‘The letter has come! We are to have the house.’
‘And how is Mrs. Christopherson?’
’Better, much better, Heaven be thanked! She slept almost from the time when you left yesterday afternoon till early this morning. The letter came by the first post, and I told her—not the whole truth,’ he added, under his breath. ’She thinks I am to be allowed to take the books with me; and if you could have seen her smile of contentment. But they will all be sold and carried away before she knows about it; and when she sees that I don’t care a snap of the fingers!’
He had turned into the sitting-room on the ground floor. Walking about excitedly, Christopherson gloried in the sacrifice he had made. Already a letter was despatched to a bookseller, who would buy the whole library as it stood. But would he not keep a few volumes? I asked. Surely there could be no objection to a few shelves of books; and how would he live without them? At first he declared vehemently that not a volume should be kept—he never wished to see a book again as long as he lived. But Mrs. Christopherson? I urged. Would she not be glad of something to read now and then? At this he grew pensive. We discussed the matter, and it was arranged that a box should be packed with select volumes and taken down into Norfolk together with the rest of their luggage. Not even Mrs. Keeting could object to this, and I strongly advised him to take her permission for granted.
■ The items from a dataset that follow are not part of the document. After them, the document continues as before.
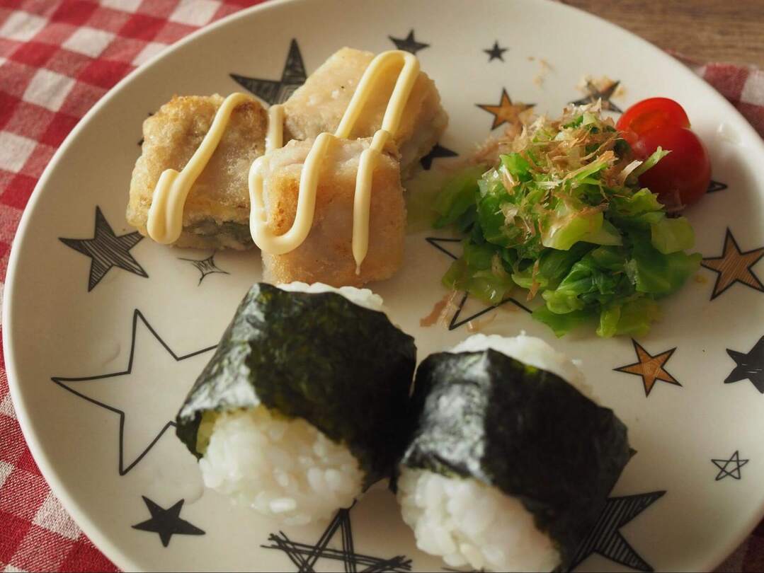 マヨネーズをかけると、タルタルソースで味わうアジフライのよう。今日はおにぎりを合わせましたが、パンに挟んでサンドイッチにしてもきっとおいしいですよ。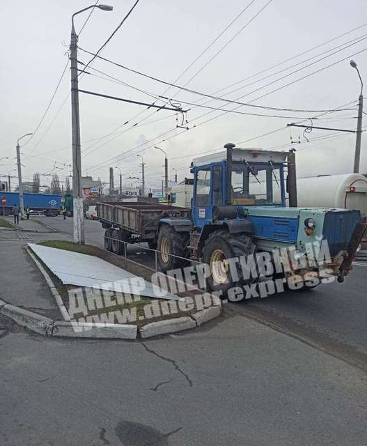 В Днепре сегодня, 16 декабря, на пересечении улиц Янтарная и Калиновая произошло ДТП с участием трактора и автобуса.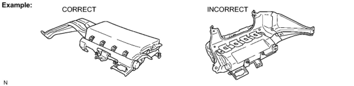 (1) Always place a removed or new front passenger airbag assembly with the airbag inflation direction facing up.
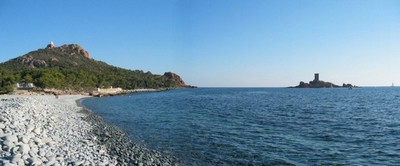 pointe du Dramont. En face de la plage du Dramont la tour de l'ile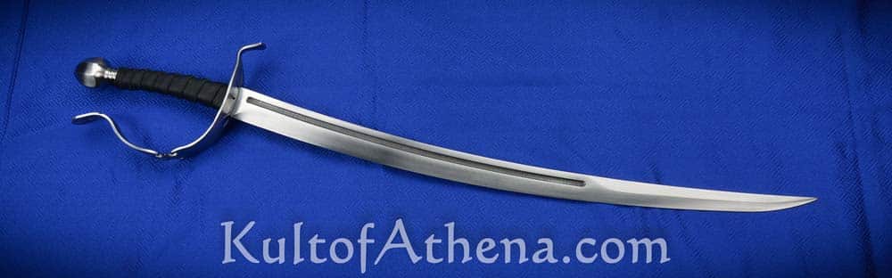 This Privateer Cutlass by Baltimore Knife & Sword was purpose-designed for the rigorous blade-on-blade contact of stage and sport combat. The blade is a medium carbon alloy steel with a finished hardness of 48-50 HRC.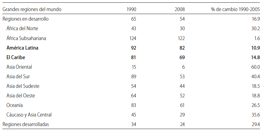 América Latina sobresale a escala mundial por presentar una fecundidad adolescente relativamente elevada -en la actualidad, solamente África subsahariana tiene un nivel superior- y por exhibir el segundo menor descenso entre 1990 y 2008 (10.9%) (Cuadro 1).
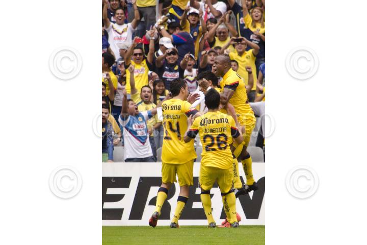 MÉXICO, D.F., 18MAYO2013.- Christian Benitez (América), durante el partido correspondiente de la semi final del Torneo Clausura 2013 de la Liga MX entre América y Monterrey, llevado acabo en el estadio Azteca. FOTO: MISAEL VALTIERRA / CUARTOSCURO.COM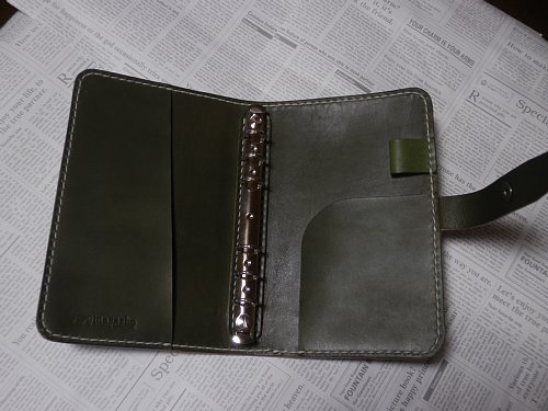 その独特な質感を最大限に引き出すため、 表面ばかりでなく見開き面にもヌメ革を使用しました。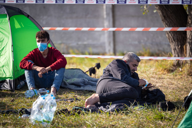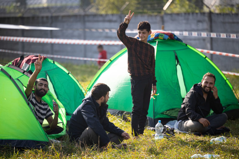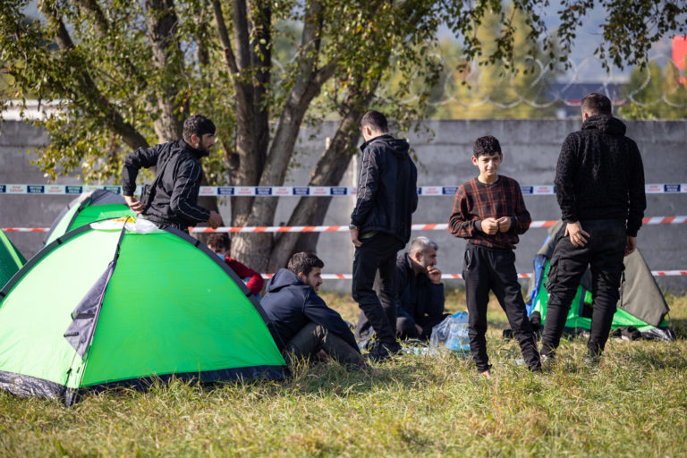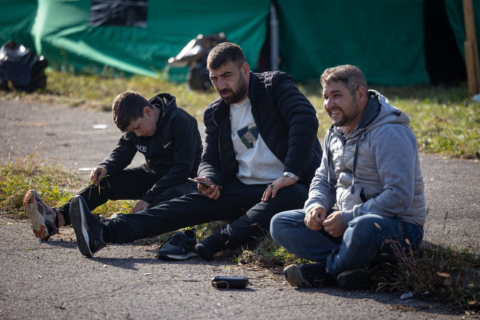 Nelegálni migranti pri cudzineckej polícii v Bratislave počas mimoriadnej situácie, vyhlásenej od 7. októbra 2023 magistrátom mesta, z dôvodu zvýšeného počtu nelegálnych migrantov v Bratislave. Bratislava, 11. október 2023. Foto: SITA/Jana Birošová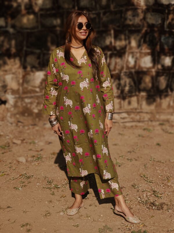 हरा Pichwai Cotton Co-ord Set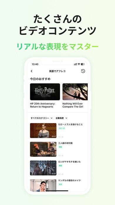自分のレベルに合わせたカリキュラムを選択できる英会話学習アプリ。端末についたマイクを使って発音を録音でき、AIが評価してくれます。収録内容は旅行、エンタメ、ビジネスなど豊富。使いたい項目を選択して、自由に英会話を学びましょう。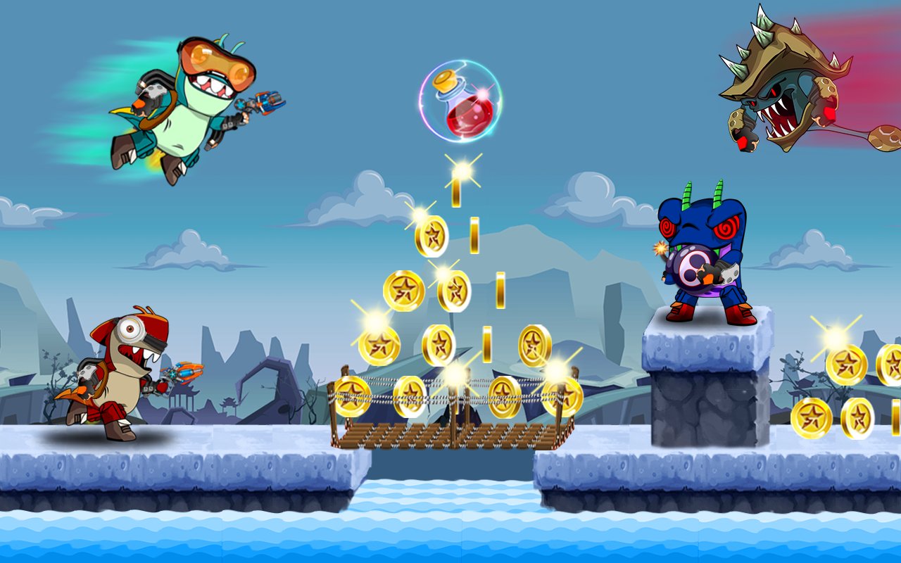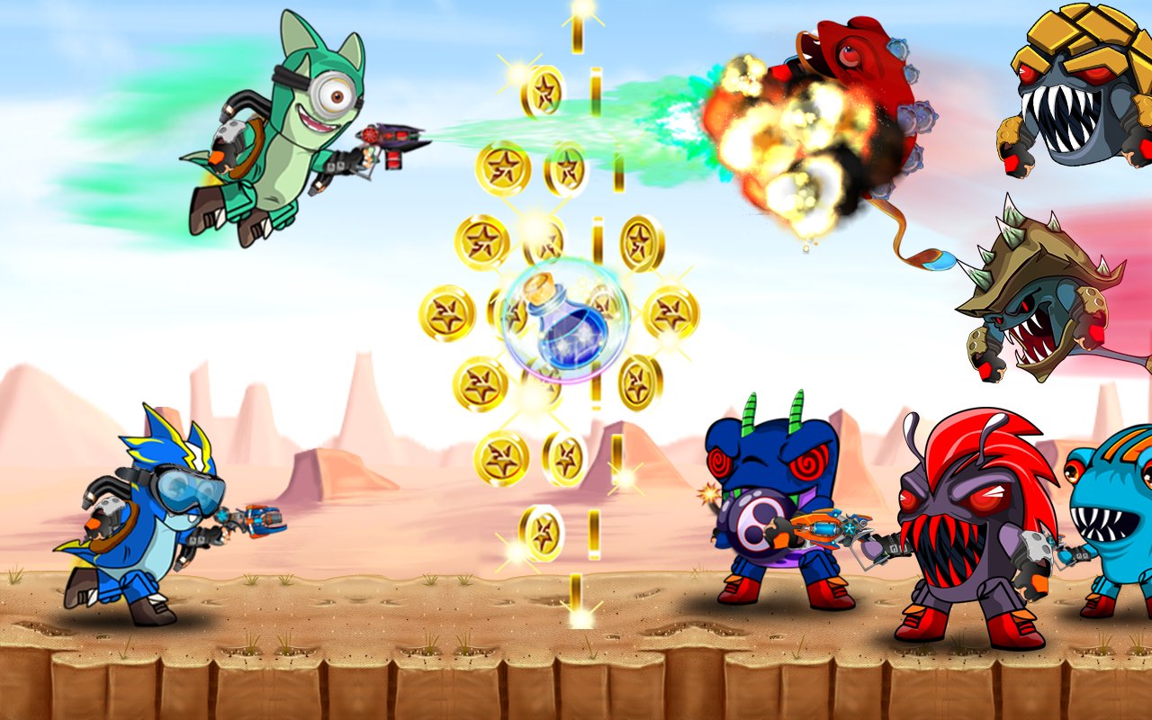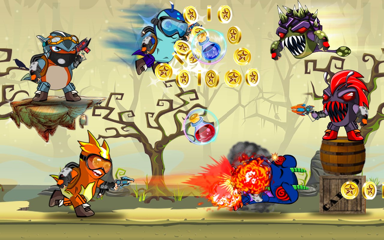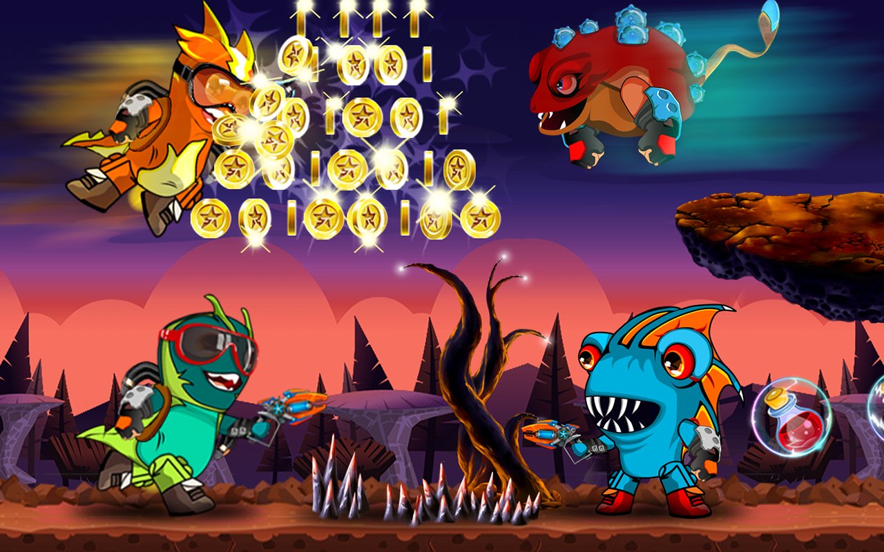 Slugs Jetpack Fight World – take control of the brave heroes who decided to protect their land from monsters. Monsters are attacking from all sides so take your Blaster and destroy them making it impossible to capture the chance to win. Navigate through the beautiful and varied worlds and do not forget to collect coins that will allow you to open all characters in the game. Also on your way you will meet a large number of bonuses and power-UPS, use them and make your hero invincible. Enjoy your free time in this game and have fun with exciting fights and improvements for the hero.

And so it was done. By discreet management the piled volumes were stowed in bags, carried downstairs, emptied into a cart, and conveyed away, so quietly that the sick woman was aware of nothing. In telling me about it, Christopherson crowed as I had never heard him; but methought his eye avoided that part of the floor which had formerly been hidden, and in the course of our conversation he now and then became absent, with head bowed. Of the joy he felt in his wife’s recovery there could, however, be no doubt. The crisis through which he had passed had made him, in appearance, a yet older man; when he declared his happiness tears came into his eyes, and his head shook with a senile tremor.
Before they left London, I saw Mrs. Christopherson—a pale, thin, slightly made woman, who had never been what is called good-looking, but her face, if ever face did so, declared a brave and loyal spirit. She was not joyous, she was not sad; but in her eyes, as I looked at them again and again, I read the profound thankfulness of one to whom fate has granted her soul’s desire.
HUMPLEBEE
The school was assembled for evening prayers, some threescore boys representing for the most part the well-to-do middle class of a manufacturing county. At either end of the room glowed a pleasant fire, for it was February and the weather had turned to frost.
Silence reigned, but on all the young faces turned to where the headmaster sat at his desk appeared an unwonted expression, an eager expectancy, as though something out of the familiar routine were about to happen. When the master’s voice at length sounded, he did not read from the book before him; gravely, slowly, he began to speak of an event which had that day stirred the little community with profound emotion.